Le strade di Julien e Cereda si erano tra l’altro già incrociate in passato… «Ho allenato contro di lui – racconta il 62enne –, quando ero in Ahl a Hamilton, attorno al 2000, era un buon giocatore, peccato per i problemi di salute che ha avuto, ma sta facendo bene da allenatore e continua a fare ciò che ama».
Quali saranno i suoi compiti ad Ambrì? «Io sono qui per condividere l’esperienza di trent’anni da allenatore, di cui una ventina in Nhl, ho trovato già un buono staff qui ad Ambrì, che mi piace, come ho potuto osservare in questi primi giorni. Luca in spogliatoio sprigiona una bella energia positiva e i giocatori rispondono bene. Sto trasmettendo delle piccole cose che ho imparato nel corso degli anni, la partenza è stata buona ed entro la fine del mio periodo qui spero di trasmettere qualcosa che permetta alla squadra di fare un passo in avanti». Duca aggiunge che «non è qui per confermare la bontà del nostro lavoro, ma perché ogni tanto fa bene avere degli input diversi e avere qualcuno che non conosce la realtà, che possa fornire dei suggerimenti su delle diverse opzioni per fare qualcosa. In generale quando si è in una realtà, non solo sportiva, da tanto tempo, si rischia di finire nella routine, per questo ci esercitiamo a rimanere aggiornati e cercare sempre nuovi stimoli e guardare le ultime novità a livello scientifico, tecnologico e tattico».
E cosa farà una volta concluso il suo periodo leventinese? «Tornerò a casa e aspetterò di vedere se riceverò un’offerta interessante in Nhl. Già l’anno scorso avevo delle opportunità, ma se torno sarà nel posto giusto, sappiamo che nel corso della stagione ci sono molti cambiamenti, ma d’altro canto ho passione nel fare ciò che faccio ora, fare consulenze e aiutare chi è nell’ambiente. Non è ancora stato deciso nulla riguardo a chi allenerà il Team Canada alla Coppa Spengler, avrei dovuto esserci l’anno scorso, ma purtroppo il Covid ha fermato tutto, adesso vedremo cosa farà la Federazione canadese, che mi ha già dato un sacco di occasioni per rappresentare la "foglia d’acero", ma ci sono tantissimi allenatori che ambiscono a un posto del genere».
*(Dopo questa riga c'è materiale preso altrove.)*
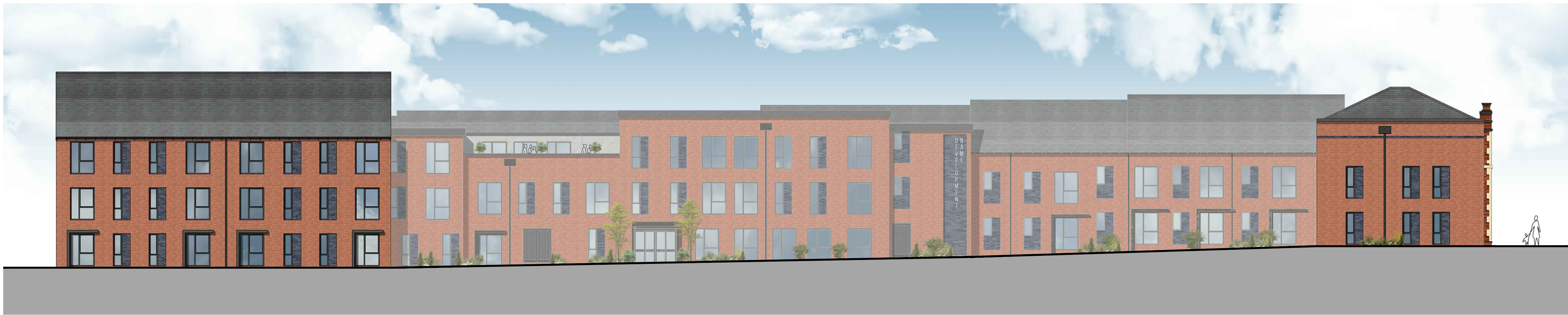
Portland Street Elevation Scale 1:150
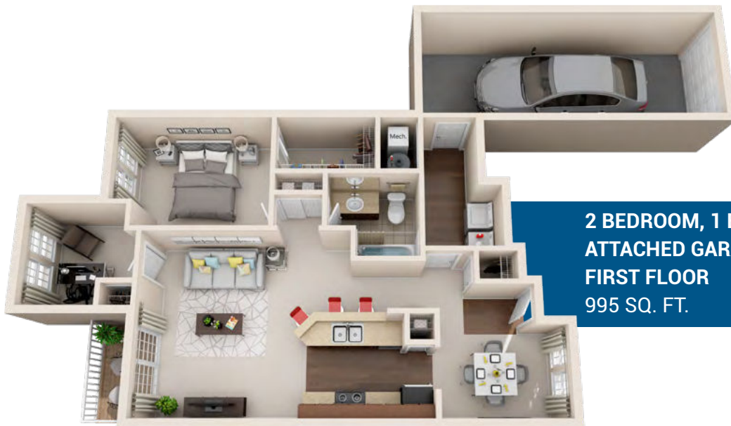
2 BEDROOM, 1 BATH ATTACHED GARAGE FIRST FLOOR 995 SQ. FT.
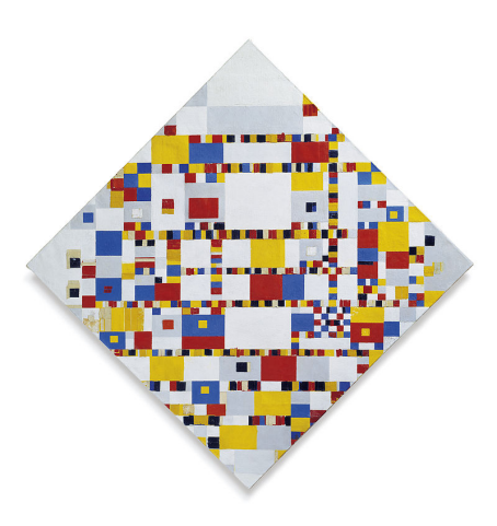
Figure 2 – Victory Boogie Woogie - Piet Mondriaan

Some participants however did use the idea of the art style as an inspiration, for example, one group that received rococo made the observation that rococo is the opposite of efficient, it uses a lot of fluff to deliver a message. They therefore created a sorting algorithm as inefficient as possible.
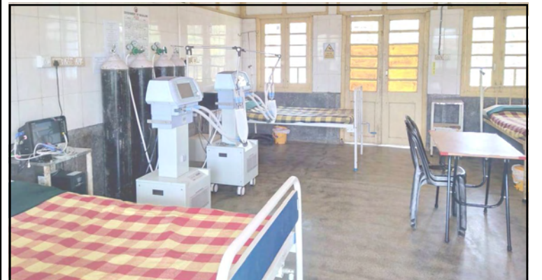
Covid hospital Mokokchung nung shirangertem asoshi yipten ana ya renema lir. (Mkg. April 14, 2020)

MCCI-isa mepishia ashi. Iba dak sentakba nung "Kodang alima tensa tia süngjema kümdir, chiyungtsü talila alidena ayur ket nungi onoki tanaben malizüiktsü, anungji, nüburtemi aji meteta shishidaktsünür", ta parnokisa shisem. "Iba lockdown ajanga Mokokchung nung business inyaker lenmang aisü nung takoksa ajurua arudaki, aji saka, nenok ajaki aremzüka bangdak den amalitepba asoshi talisa business inyaker ajak dang pelar", ta MCCI-isa ashi. Mokokchung Task Force-i anir Covid 19 tongpang nung yakbangsür (frontline workers), mezüng langzürtem (first responders), Core Committee on Essential Commodities COVID-19 Mokokchung aser lokti tentet shirnokisa iba alima wara anema raraba nung shilem agidar, parnok ajak dang MCCI-isa pelaba metetdaksü.
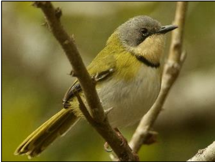
Rudd's Apalis

hosts and took a short break. When the temperature cooled down, we went out for a short walk. We managed to find Yellow-rumped Tinkerbird, Sombre and Yellow-bellied Greenbuls, African Paradise Flycatcher, White-throated Robin-Chat, Rudd's Apalis, Orange-breasted Bushshrike and a very vocal Grey Sunbird before calling it a day. Just as soon as we were about to start the checklist at the upstairs bar, we heard a Fiery-necked Nightjar calling and then we saw two individuals flying right past us.

Il palmarès di Julien comprende la Stanley Cup vinta a Boston nel 2011 e l’oro olimpico conquistato a Sochi tre anni dopo, da assistente allenatore. Qual è il trionfo più prestigioso? «Vincere la Stanley Cup è una gran cosa che non è un privilegio per tutti, per cui quando hai un’occasione per conquistarla devi fare di tutto per riuscirci. Crescendo in Canada la Stanley Cup è l’obiettivo massimo, ma alle Olimpiadi ho realizzato rapidamente dopo aver vinto l’oro, quanto fosse un risultato importante. Mi ricordo la grande dedizione al lavoro sporco anche da parte delle superstar, che ci ha permesso di dominare il gioco per buona parte delle partite».